Improved glycemic control was achieved with simultaneous 2.7-fold reduction in hypoglycemia from a total of 27 hypoglycemic events during open loop to 10 events during sCTR, a reduction that corresponds to 1.08 ± 0.27 versus 0.4 ± 0.13 events/patient (P = 0.01) and to a significant reduction in the risk for hypoglycemia as indicated by the LBGI (1.51 ± 0.31 vs. 0.72 ± 0.18, P < 0.01). A particularly prominent sixfold reduction in hypoglycemia was observed overnight. Hypoglycemic events were most likely during exercise or within 3 h after dinner and almost never occurred on CLC during recovery (0.04 events/patient) and overnight (0.08 events/patient). Because the study protocol mandated treatment of hypoglycemia once it had occurred, the extent of the hypoglycemic events could not be assessed. Amount of treatment per hypoglycemic event was recorded and showed no difference between admission (each hypoglycemia event was treated with, respectively, 14.94 vs. 12.33 g carbohydrate, P = 0.58 independent sample t test).

Average glucose was not significantly reduced overall (8.82 ± 0.54 vs. 8.34 ± 0.28 mmol/L, P = 0.36) or overnight (9.44 ± 0.72 vs. 8.47 ± 0.39 mmol/L, P = 0.09), whereas a significant decrease in the overnight risk for hyperglycemia was observed, as indicated by the HBGI (9) (8.39 ± 1.85 to 4.35 ± 0.82, P = 0.014). Average glucose profiles and 25–75% quantiles for open-loop CSII versus sCTR are presented in Fig. 5 (upper panel).

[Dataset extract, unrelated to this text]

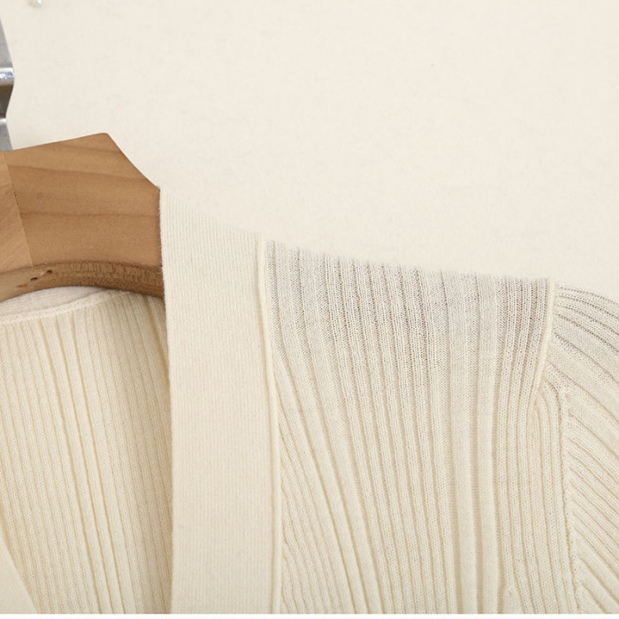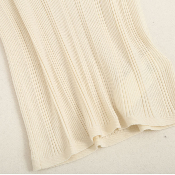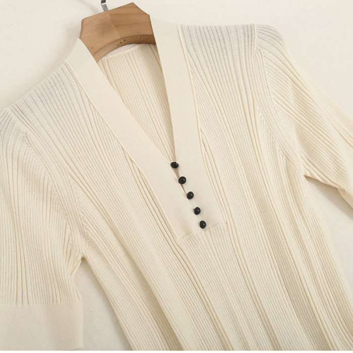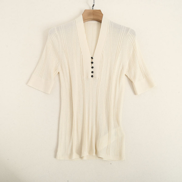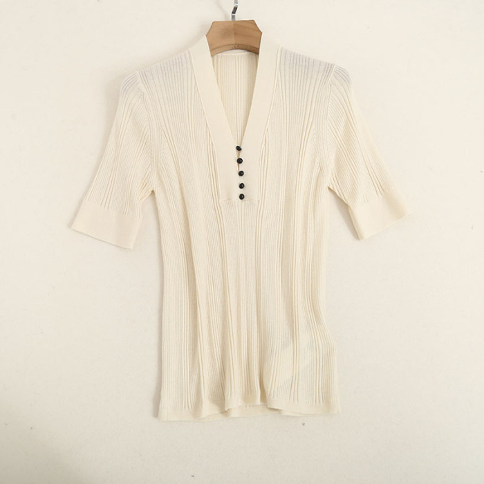 原單 55%桑蠶絲45%綿羊毛混紡彈力坑條針織打底衫V領純色短袖

Glucose variability, as measured by the BG Risk Index (9), was significantly reduced from 8.19 ± 1.19 to 5.05 ± 0.47 (P = 0.01), with maximum effect overnight (9.62 ± 1.66 vs. 4.9 ± 0.74, P < 0.01). Intrasubject variability (indicated by SD of BG, mmol/L) was significantly reduced overall (2.46 ± 0.21 vs. 1.87 ± 1.5, P = 0.02) and overnight (1.60 ± 0.22 vs. 1.05 ± 0.10, P = 0.02) (Traces are presented in Supplementary Fig. 1).

Study 2: eCTR versus open-loop CSII.

We observed a significant decrease in the overall average plasma glucose (mmol/L) from 7.74 ± 0.44 (open-loop session) to 6.68 ± 0.28 (eCTR) (P < 0.01), with maximum effect reached overnight (7.71 ± 0.70 to 6.12 ± 0.38, P = 0.042). The decrease in the risk for hyperglycemia as indicated by the HBGI was marginal overall (3.63 ± 0.87 vs. 2.07 ± 0.74, P = 0.07) and during dinner and snack (3.83 ± 1.41 vs. 2.62 ± 0.62, P = 0.23) but significant overnight (3.67 ± 1.22 vs. 0.79 ± 0.34, P = 0.02).

The overall percent time in near normoglycemia increased significantly from 76.8 ± 5.0 to 90.1 ± 3.4% (P = 0.05), with maximal eCTR performance of 97.6 ± 2% achieved overnight (Fig. 4). Percent time in tight control (4.4–7.78 mmol/L) increased (but not significantly) overall from 47.2 ± 6.6 to 62.0 ± 5.2% (P = 0.09) and significantly overnight from 42.7 ± 11.2 to 79.3 ± 8.1% (P = 0.04). Glucose control was achieved without apparent increase in the risk of hypoglycemia (1.4 vs. 1.6 events/patient in open loop vs. eCTR, P = 0.43) as confirmed by the LBGI (overall: 0.62 ± 0.19 vs. 1.05 ± 0.23, P = 0.09; overnight: 0.88 ± 0.41 vs. 1.08 ± 0.58, P = 0.43). Hypoglycemic events were most likely during and after exercise and between dinner and snack (1.1 events/patient) but were less frequent overnight (0.4 events/patient).

FIG. 4.

Primary outcomes of eCTR: Time in near normoglycemia (3.9–10 mmol/L) and tight control (4.4–7.78 mmol/L), average glucose, and intrasubject variability during open- and closed-loop admissions, contrasted by overall and overnight periods. *P < 0.05. Open-loop CSII, gray bar; eCTR, black bar.

FIG. 4.

Primary outcomes of eCTR: Time in near normoglycemia (3.9–10 mmol/L) and tight control (4.4–7.78 mmol/L), average glucose, and intrasubject variability during open- and closed-loop admissions, contrasted by overall and overnight periods. *P < 0.05. Open-loop CSII, gray bar; eCTR, black bar.

Close modal

Finally, using the BG Risk Index, we confirmed the improvement shown in percent time in target range: the index was significantly reduced overnight (4.37 ± 0.88 vs. 2.37 ± 0.67, P = 0.04) and marginally reduced overall (4.68 ± 0.76 vs. 3.26 ± 0.69, P = 0.41) and during dinner and snack (4.88 ± 1.24 vs. 3.84 ± 0.84, P = 0.25). Intrasubject variability (mmol/L) was marginally reduced overall (2.13 ± 0.21 vs. 1.81 ± 0.21, P = 0.27) but significantly reduced overnight (1.35 ± 0.14 vs. 0.84 ± 0.16, P = 0.045).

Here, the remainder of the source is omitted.